_Exercise goal_
The answer must consist solely of the lines below starting at the one containing "Reuben Garrick 2+" and ending at the one containing "- Cerceii sunt", repeated exactly, with both ends included and all pictures omitted.

_Provided information_
# # # #

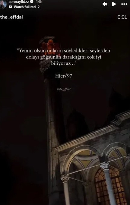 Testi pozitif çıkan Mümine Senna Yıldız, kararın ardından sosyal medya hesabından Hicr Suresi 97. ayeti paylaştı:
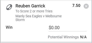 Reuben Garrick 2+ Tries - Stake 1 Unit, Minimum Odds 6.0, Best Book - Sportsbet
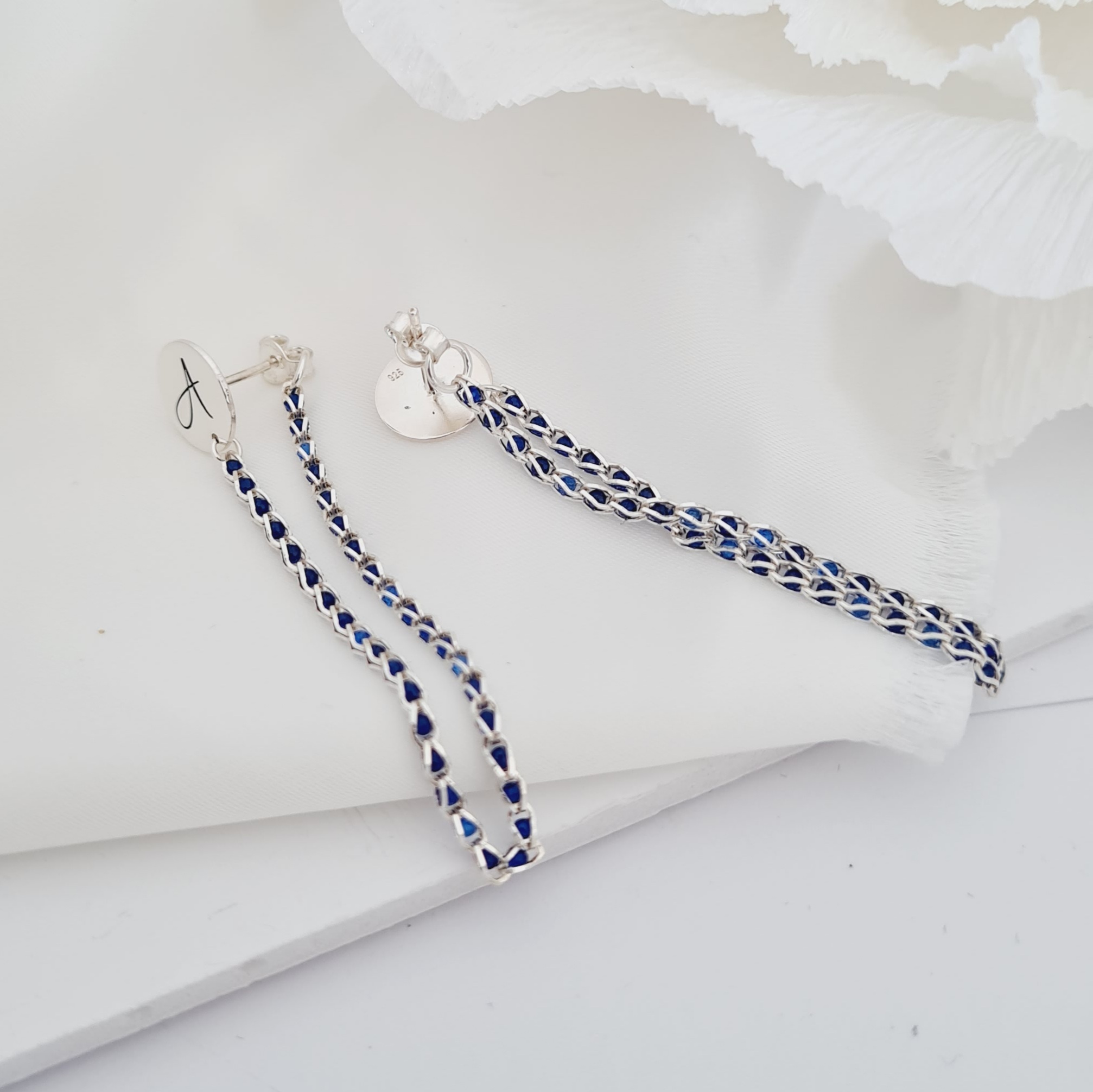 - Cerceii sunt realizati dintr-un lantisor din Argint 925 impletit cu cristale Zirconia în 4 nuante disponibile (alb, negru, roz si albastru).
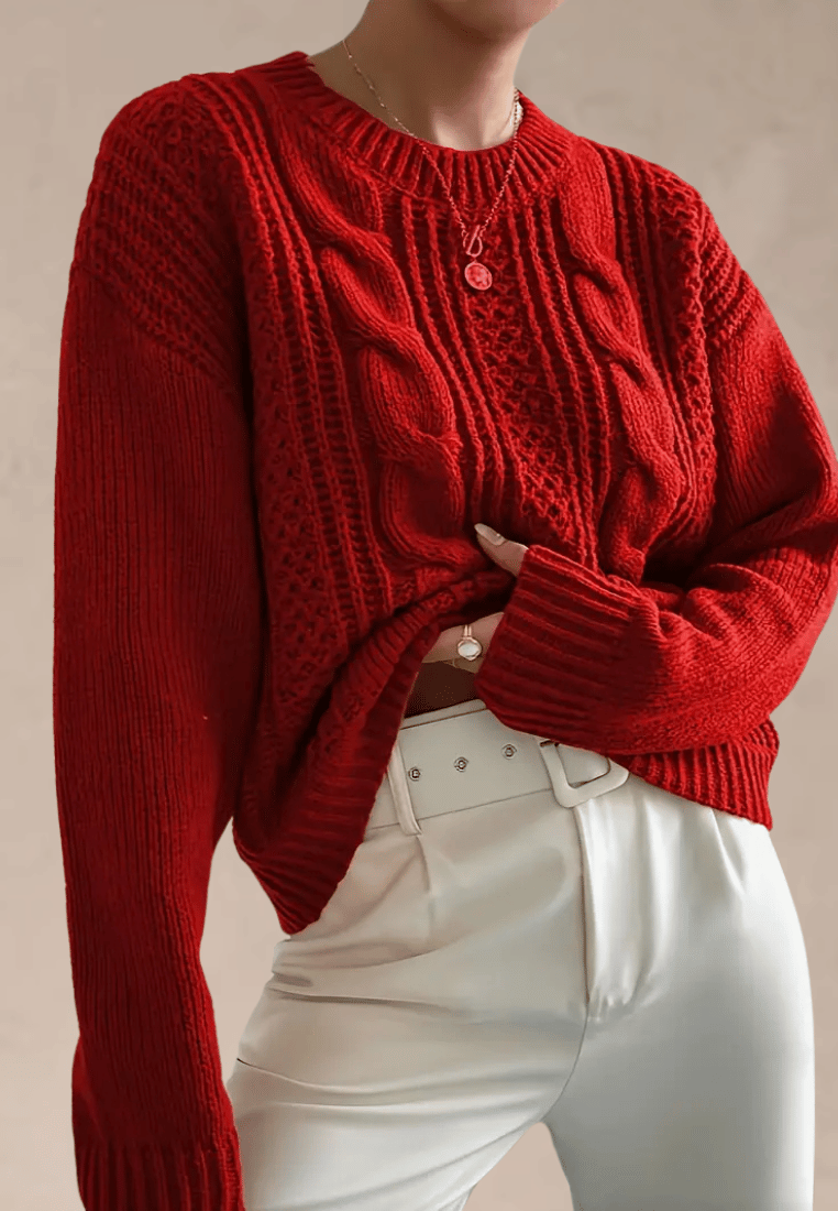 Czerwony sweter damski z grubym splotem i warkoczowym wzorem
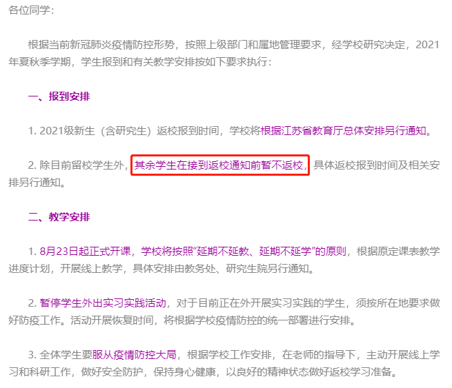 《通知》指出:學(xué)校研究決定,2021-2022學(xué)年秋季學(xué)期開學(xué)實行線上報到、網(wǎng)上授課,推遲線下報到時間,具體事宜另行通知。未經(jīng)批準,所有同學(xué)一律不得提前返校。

# # # #

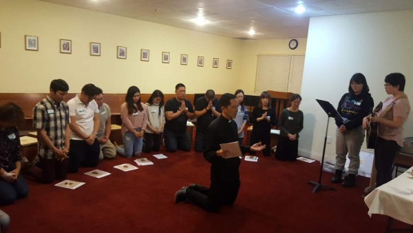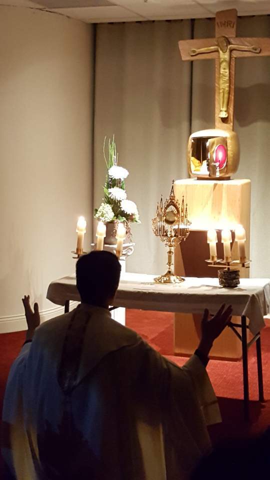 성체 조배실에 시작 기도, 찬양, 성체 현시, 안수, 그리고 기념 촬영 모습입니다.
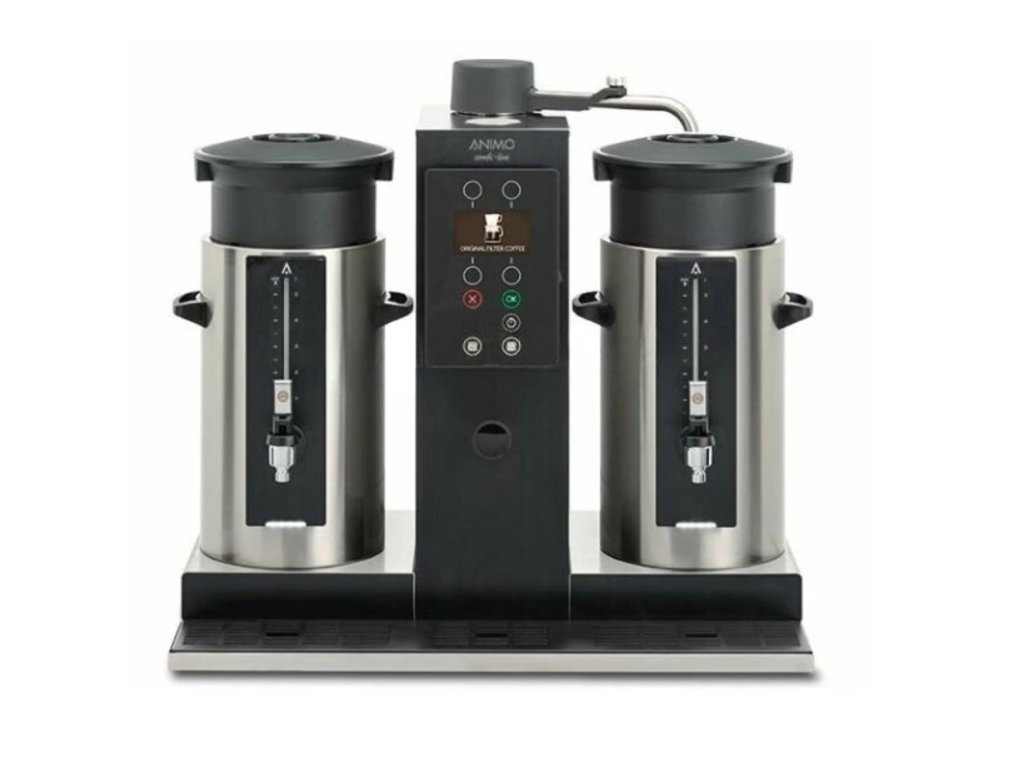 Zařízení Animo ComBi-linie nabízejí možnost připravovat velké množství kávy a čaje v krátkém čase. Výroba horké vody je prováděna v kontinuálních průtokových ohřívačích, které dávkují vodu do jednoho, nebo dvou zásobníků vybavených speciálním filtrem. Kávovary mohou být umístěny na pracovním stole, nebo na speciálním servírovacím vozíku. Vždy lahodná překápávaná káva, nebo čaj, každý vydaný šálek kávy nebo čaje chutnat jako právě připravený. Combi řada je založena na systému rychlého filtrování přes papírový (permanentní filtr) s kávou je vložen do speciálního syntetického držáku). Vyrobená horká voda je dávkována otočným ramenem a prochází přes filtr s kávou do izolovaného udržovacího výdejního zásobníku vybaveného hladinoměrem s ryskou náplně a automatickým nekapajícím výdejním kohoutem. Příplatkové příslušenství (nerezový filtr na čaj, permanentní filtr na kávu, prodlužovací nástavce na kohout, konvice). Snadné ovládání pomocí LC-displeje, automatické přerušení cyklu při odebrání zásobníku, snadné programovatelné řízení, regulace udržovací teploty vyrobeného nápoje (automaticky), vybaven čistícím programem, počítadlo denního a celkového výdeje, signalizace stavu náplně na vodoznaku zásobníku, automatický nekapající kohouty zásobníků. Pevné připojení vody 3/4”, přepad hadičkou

# # # #

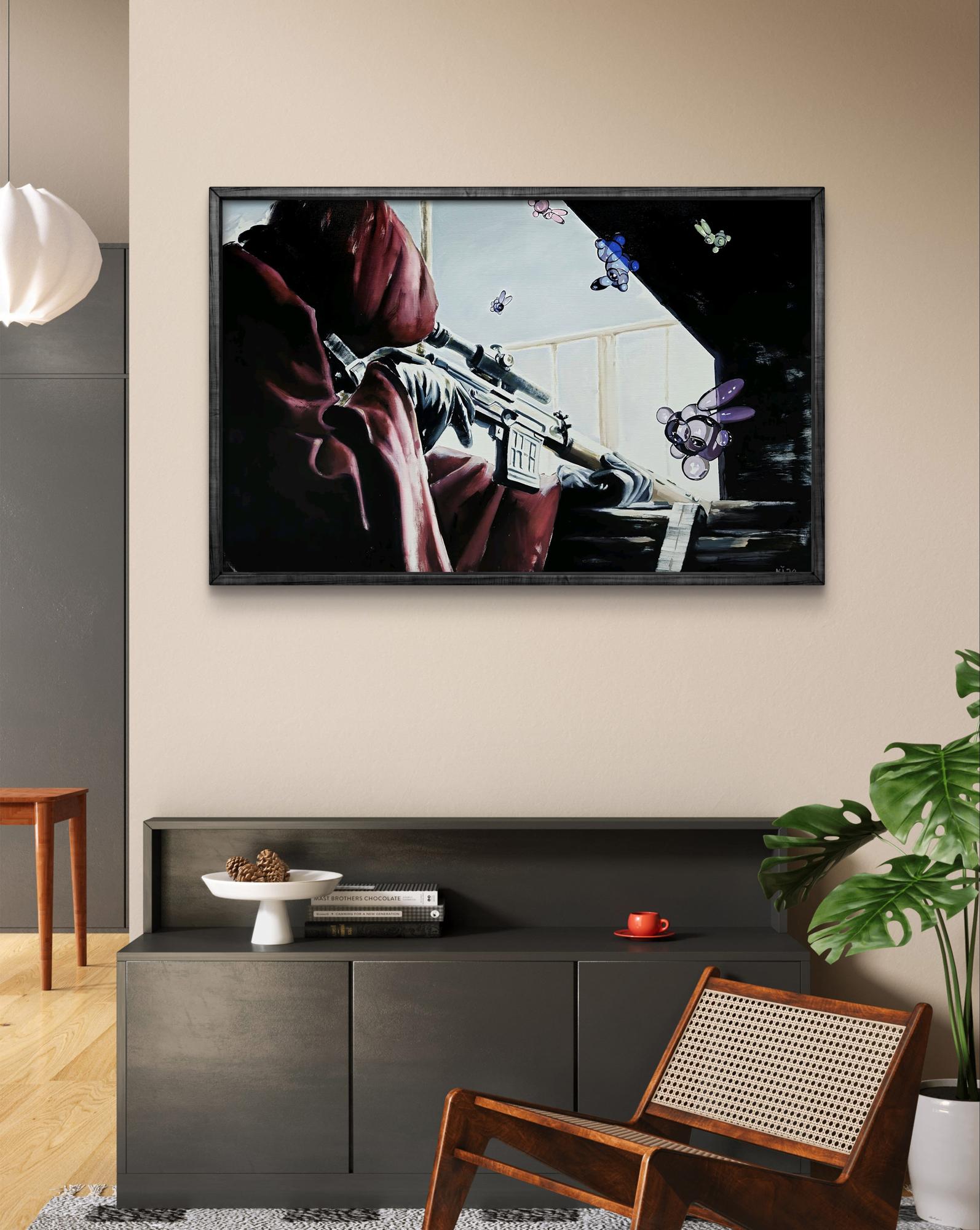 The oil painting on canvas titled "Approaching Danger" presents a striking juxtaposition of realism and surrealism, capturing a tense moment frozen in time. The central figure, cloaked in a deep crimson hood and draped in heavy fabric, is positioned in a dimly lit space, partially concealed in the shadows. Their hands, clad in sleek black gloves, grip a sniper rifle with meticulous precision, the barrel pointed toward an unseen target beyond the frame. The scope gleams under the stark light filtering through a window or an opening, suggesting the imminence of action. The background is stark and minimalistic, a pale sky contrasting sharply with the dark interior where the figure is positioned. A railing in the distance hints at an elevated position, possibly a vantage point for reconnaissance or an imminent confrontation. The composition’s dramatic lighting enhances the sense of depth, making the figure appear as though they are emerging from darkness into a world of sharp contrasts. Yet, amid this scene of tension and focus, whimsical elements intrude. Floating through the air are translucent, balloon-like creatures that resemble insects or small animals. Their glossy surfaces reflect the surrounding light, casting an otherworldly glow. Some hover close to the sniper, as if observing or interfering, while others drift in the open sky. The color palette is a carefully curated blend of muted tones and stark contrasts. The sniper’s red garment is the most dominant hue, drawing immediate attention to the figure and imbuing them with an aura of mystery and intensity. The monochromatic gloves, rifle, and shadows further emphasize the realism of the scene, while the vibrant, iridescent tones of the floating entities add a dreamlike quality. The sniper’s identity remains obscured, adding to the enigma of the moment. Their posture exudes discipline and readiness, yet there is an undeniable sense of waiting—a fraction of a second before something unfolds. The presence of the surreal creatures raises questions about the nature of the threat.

# # # #

_Solved problem_
 Reuben Garrick 2+ Tries - Stake 1 Unit, Minimum Odds 6.0, Best Book - Sportsbet
 - Cerceii sunt realizati dintr-un lantisor din Argint 925 impletit cu cristale Zirconia în 4 nuante disponibile (alb, negru, roz si albastru).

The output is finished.